I asked for loans so I could go to college and graduate. I wanted so badly to receive the most expensive piece of paper I’ve ever had to pay for. That’s just it, though, I haven’t paid yet. Those $$$$$$ really added up while I spent my time cramming my head with as much knowledge as I could. I earned that piece of paper but now I sit here with those dollar signs looming over me like a black cloud. I cannot progress until I fix this but how can I fix this? “Simple, get a job,” the world tells me. But as I wrote to apply for those desired jobs, there are more guidelines to follow, more requirements I needed to meet.

“Three years’ experience needed.” What?

Most of us 20-somethings thought that if we went to school, we could get those jobs we wanted so badly. We did internships, we did extracurricular activities. We thought those loans would help us not hinder us. Still, those jobs expect more of us.

“Go back to school,” they say. “Specialize, get an internship.” They’re unpaid. Us 20-somethings are already in debt. We can’t afford to work hard just for the experience and no pay. That doesn’t keep us warm and fed. We already chose the right thing. Unpaid internships and the Ramen we ate in college are staples of our lives even though we’re no longer undergraduates. We are scrounging for work, looking for ways to stand out amongst the competition. You want that job, go back to school, get those years of experience under your belt too, then maybe by some chance you earn that higher paying salary. Here’s a rude awakening; there are so many of us trying to get those jobs. It simply isn’t as easy or as right as we thought. You need the grades, the talent, the experience and by god if you don’t meet those requirements, then, “Sorry, we have someone more suited for the position.” That job we wanted so badly still isn’t in our reach and things continue to spiral downward.

Still, everyone wants us to choose and choose right but I’m a 20-something too and I’m not sure what that even means anymore. I wished repeatedly for someone to give me the answers, the next step or guideline or a new set of requirements to meet. I was raised on this standardized path but now I’m sitting here buried under bills I can’t pay with individual thoughts and dreams that I can’t make sense of. How do I achieve them? You thrust me out into this cold world telling me that it’s now up to me to choose but I’m still hoping I choose right.

“We must each follow our own path,” but where was that when we still had hopes, dreams, and talents of our own choosing. Just because I was good at something, doesn’t mean I should’ve followed that path. Maybe I wanted to be an astronomer but my written words were better. Maybe I could’ve made it staring at and studying the stars. I may never know now. Where was your encouragement when I still chose for my own? See, if I had more of my own ability to try to figure out who I wanted to be at a younger age, maybe I wouldn’t be on this path. I’m not trying to blame you but see us 20-somethings here and now, we’re confused as hell and we’re still looking for more guidelines. We’re stuck.

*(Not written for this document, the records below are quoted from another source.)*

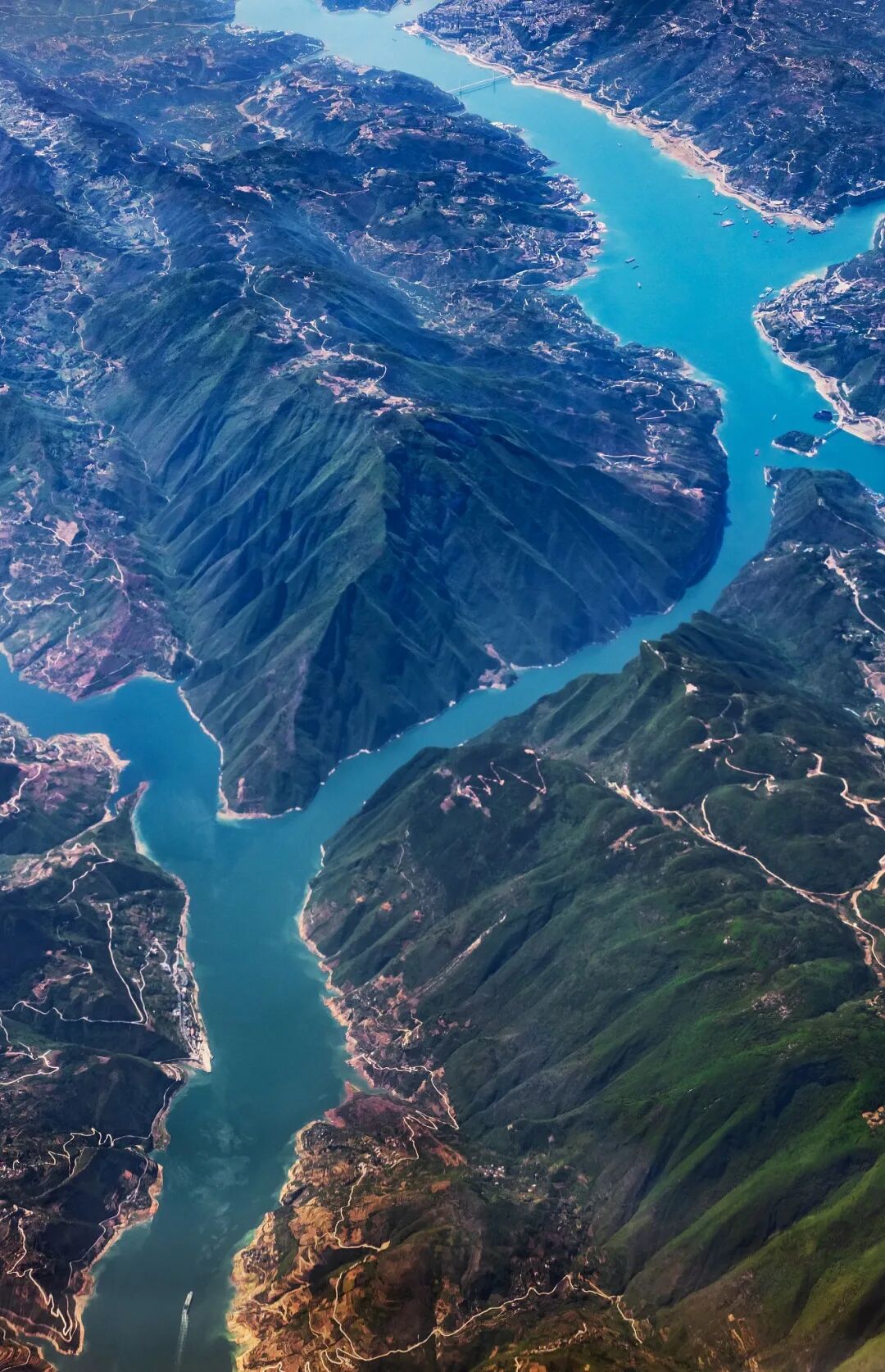 河流垂直于山脉,这听着就会纳闷,垂直的话可怎么流动啊?因为有了山脉的阻挡,河流应该是流不过去的,但是重庆的水就是这么猛——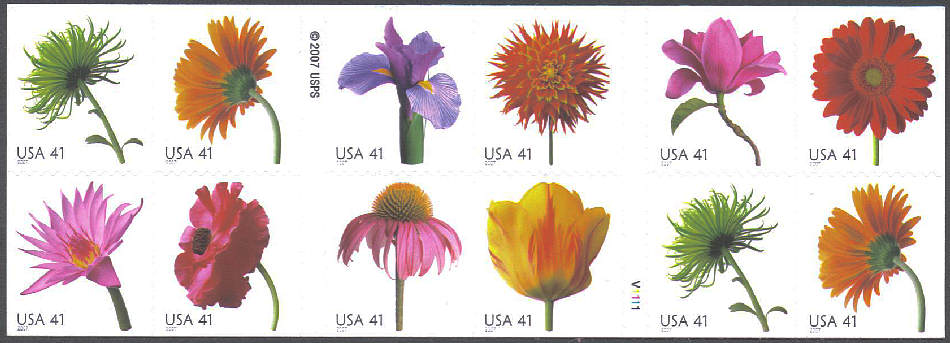 “$8.20” • “TWENTY 41¢ SELF-ADHESIVE STAMPS” • “10 DIFFERENT DESIGNS” Stamp Side: © 2007 USPS in peel strip area • Plate numbers V1111 in peel strip area Earliest Known Use |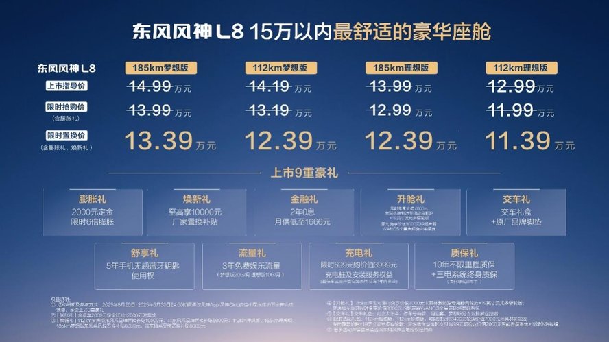 8月29日,东风风神L8在成都车展上市,限时置换价11.39万元起,叠加国/地补后价格直逼底线。这款车被定义为“15万以内最舒适的豪华座舱”,不仅用“冰箱彩电大沙发”的豪车配置颠覆了行业认知,更向市场抛出一个问题:十多万的家用车,凭什么不能一步到位?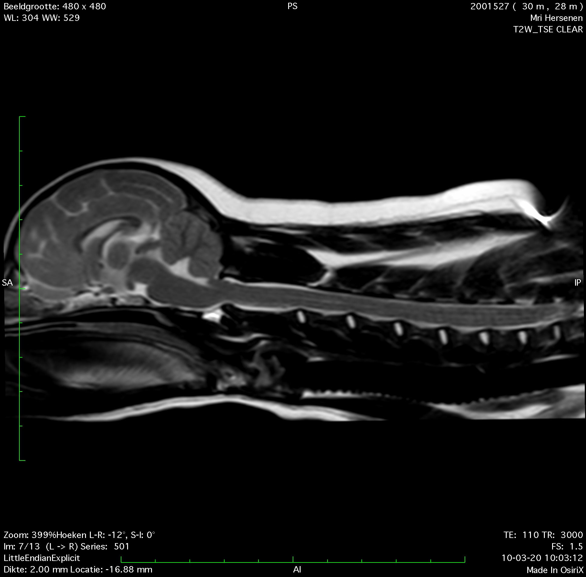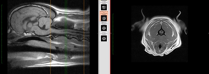 CM is dus het uitpuilen van de kleine hersenen door het achterhoofdsgat en deze diagnose kun je zowel met een CT scan als MRI scan in beeld brengen. Echter een CT scan werkt met röntgenstralen en is ongeschikt om een goede indruk te krijgen van het zenuwweefsel. Met een CT scan kun je SM niet beoordelen en slechts zeer beperkt iets zeggen over de hersenen en het ruggenmerg. Het is dus bij uitstek een MRI diagnose. Een MRI scanner werkt met een hele sterke magneet. In de diergeneeskunde gebruiken we zowel low field (0,2-0,4 Tesla) als high field scanners (> 1 Tesla). Hoe hoger de magneetsterkte hoe mooier het beeld kan worden, hoe sneller je kunt scannen.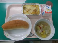 【献立】・コッペパン・ポテト豆乳グラタン・さつまいものポトフ・牛乳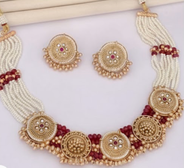 The necklace features multiple strands of fine pearls, beautifully accented with ruby-toned bead highlights and detailed circular kundan motifs in a rich gold finish. Each motif is crafted with precision, showcasing subtle stone detailing and textured gold elements that create a royal and graceful look.
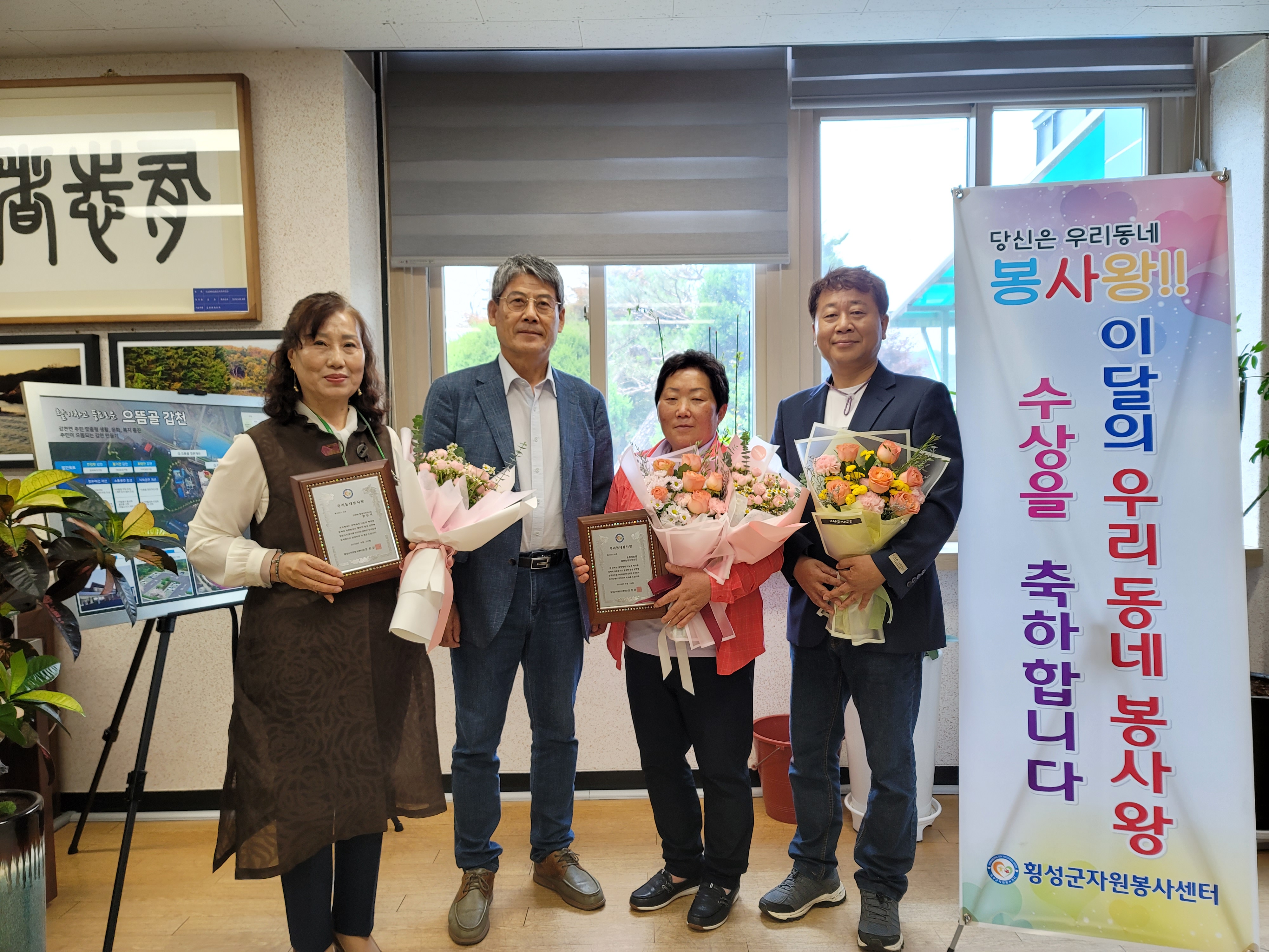 [강원사회복지신문 홍기한 기자]=횡성군자원봉사센터(센터장 조원문)는 6월 우리동네봉사왕(갑천면)에 개인으로 원선자 봉사자, 단체로는 동횡성농협 갑천농가주부모임을 선정하여 지난 6월 20일(월) 갑천면행정복지센터에서 시상식을 가졌다. 개인으로 선정된 원선자 봉사자는 취약계층 어르신들 대상으로 이동세탁 지원과 ...

This world isn’t what we thought it would be and it isn’t what you thought it could be either. We expected more and all you path leaders expected too much of us. You thought we were solvers of all that you had chosen wrong on. But who says it was wrong. Who says that what we chose was right. We were not meant to be your salvation. We deserved a chance of our own, to make of ourselves, whatever we wanted, with the freedom and power to choose what we loved too and not only what path was standardly right and accepted by governments. We still deserve that chance. You still deserve it too. This standardized, institutionalized and generalized life wasn’t meant for a world as culturally and intellectually beautiful as this.

Excuse me and my confused 20-something rant. I hope you don’t take this so personally because frankly, I’m not sure who to blame. It isn’t any one generation or person. I’m just trying to figure it all out and I’m trying to make sense of it all, without the guidelines, without the rules. I want to live my 20-something life however, I want.